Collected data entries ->
··········

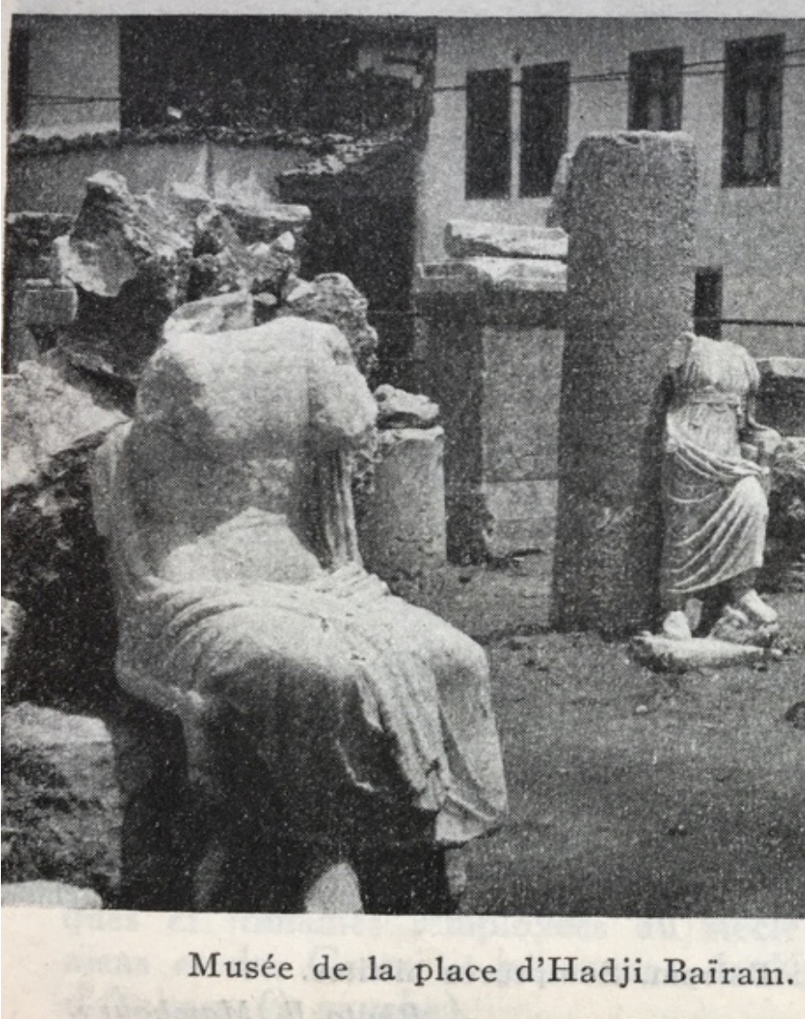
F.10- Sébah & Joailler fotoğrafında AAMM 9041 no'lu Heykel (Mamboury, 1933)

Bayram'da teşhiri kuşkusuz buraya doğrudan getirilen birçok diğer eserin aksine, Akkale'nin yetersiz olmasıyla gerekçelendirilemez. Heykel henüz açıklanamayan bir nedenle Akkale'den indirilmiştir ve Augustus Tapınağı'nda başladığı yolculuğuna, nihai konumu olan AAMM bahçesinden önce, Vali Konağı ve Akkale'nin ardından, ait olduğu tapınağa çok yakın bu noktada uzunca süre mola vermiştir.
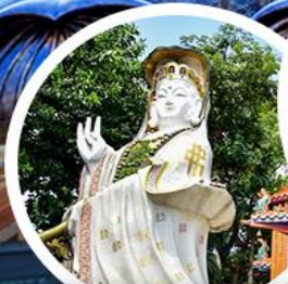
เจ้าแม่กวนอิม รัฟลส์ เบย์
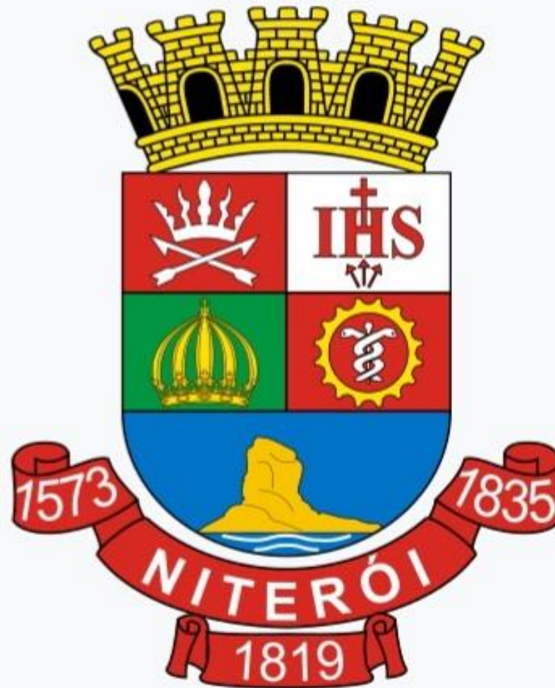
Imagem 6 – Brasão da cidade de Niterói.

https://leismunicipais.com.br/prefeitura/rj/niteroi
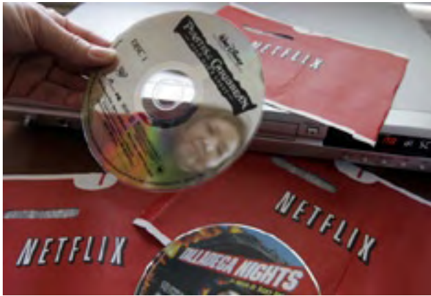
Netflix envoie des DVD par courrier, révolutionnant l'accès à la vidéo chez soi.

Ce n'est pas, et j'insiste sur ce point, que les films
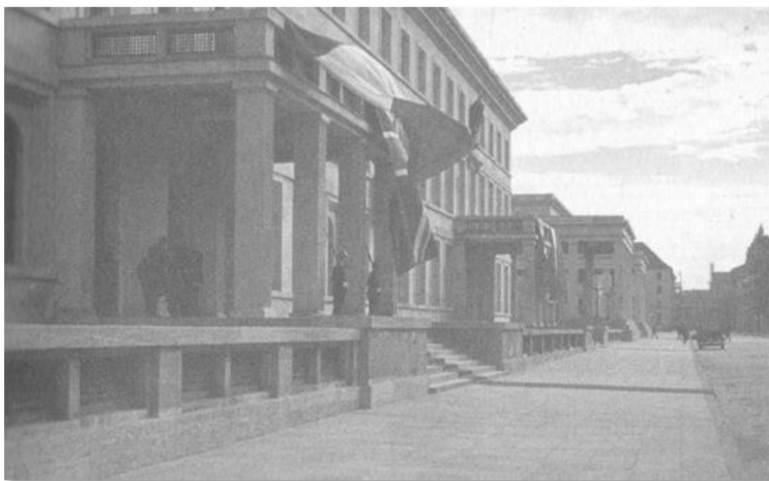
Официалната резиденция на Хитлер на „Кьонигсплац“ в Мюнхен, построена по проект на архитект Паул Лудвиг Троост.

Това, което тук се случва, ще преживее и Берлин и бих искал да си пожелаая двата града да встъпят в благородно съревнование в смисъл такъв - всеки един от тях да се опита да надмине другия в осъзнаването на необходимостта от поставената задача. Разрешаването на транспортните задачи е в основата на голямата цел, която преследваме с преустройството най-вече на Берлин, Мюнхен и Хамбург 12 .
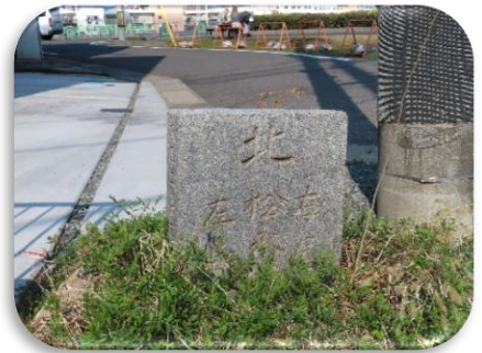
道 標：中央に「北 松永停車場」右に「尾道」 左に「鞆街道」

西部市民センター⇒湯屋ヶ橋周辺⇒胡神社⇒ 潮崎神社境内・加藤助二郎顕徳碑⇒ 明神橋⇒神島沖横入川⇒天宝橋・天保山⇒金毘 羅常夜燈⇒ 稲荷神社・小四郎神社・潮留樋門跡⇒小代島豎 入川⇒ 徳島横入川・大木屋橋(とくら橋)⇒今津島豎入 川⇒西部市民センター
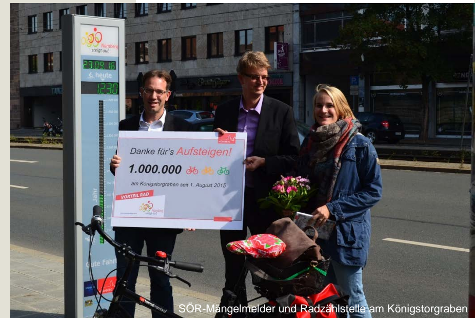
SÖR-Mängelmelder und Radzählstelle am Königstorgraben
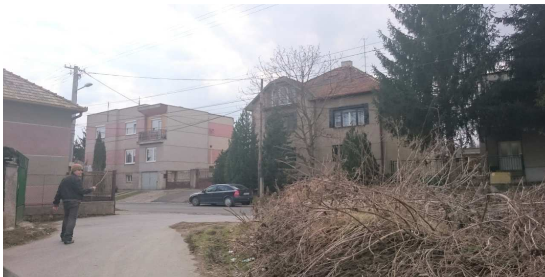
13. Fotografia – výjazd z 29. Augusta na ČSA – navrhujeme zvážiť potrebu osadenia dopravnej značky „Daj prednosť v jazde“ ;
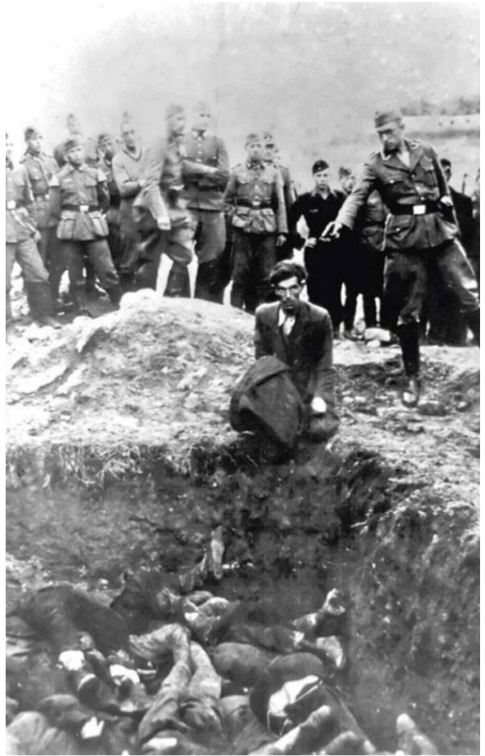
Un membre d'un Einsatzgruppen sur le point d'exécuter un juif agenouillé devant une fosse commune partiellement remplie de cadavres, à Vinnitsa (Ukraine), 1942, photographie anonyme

··········

What is expected ->
Only the lines from the one holding "https://leismunicipais.com.br/prefeitura/rj/niteroi" to the last line of the entries above should be printed, exactly as they appear and with no pictures.

Exercise answer ->
https://leismunicipais.com.br/prefeitura/rj/niteroi
Netflix envoie des DVD par courrier, révolutionnant l'accès à la vidéo chez soi.

Ce n'est pas, et j'insiste sur ce point, que les films
Официалната резиденция на Хитлер на „Кьонигсплац“ в Мюнхен, построена по проект на архитект Паул Лудвиг Троост.

Това, което тук се случва, ще преживее и Берлин и бих искал да си пожелаая двата града да встъпят в благородно съревнование в смисъл такъв - всеки един от тях да се опита да надмине другия в осъзнаването на необходимостта от поставената задача. Разрешаването на транспортните задачи е в основата на голямата цел, която преследваме с преустройството най-вече на Берлин, Мюнхен и Хамбург 12 .
道 標：中央に「北 松永停車場」右に「尾道」 左に「鞆街道」

西部市民センター⇒湯屋ヶ橋周辺⇒胡神社⇒ 潮崎神社境内・加藤助二郎顕徳碑⇒ 明神橋⇒神島沖横入川⇒天宝橋・天保山⇒金毘 羅常夜燈⇒ 稲荷神社・小四郎神社・潮留樋門跡⇒小代島豎 入川⇒ 徳島横入川・大木屋橋(とくら橋)⇒今津島豎入 川⇒西部市民センター
SÖR-Mängelmelder und Radzählstelle am Königstorgraben
13. Fotografia – výjazd z 29. Augusta na ČSA – navrhujeme zvážiť potrebu osadenia dopravnej značky „Daj prednosť v jazde“ ;
Un membre d'un Einsatzgruppen sur le point d'exécuter un juif agenouillé devant une fosse commune partiellement remplie de cadavres, à Vinnitsa (Ukraine), 1942, photographie anonyme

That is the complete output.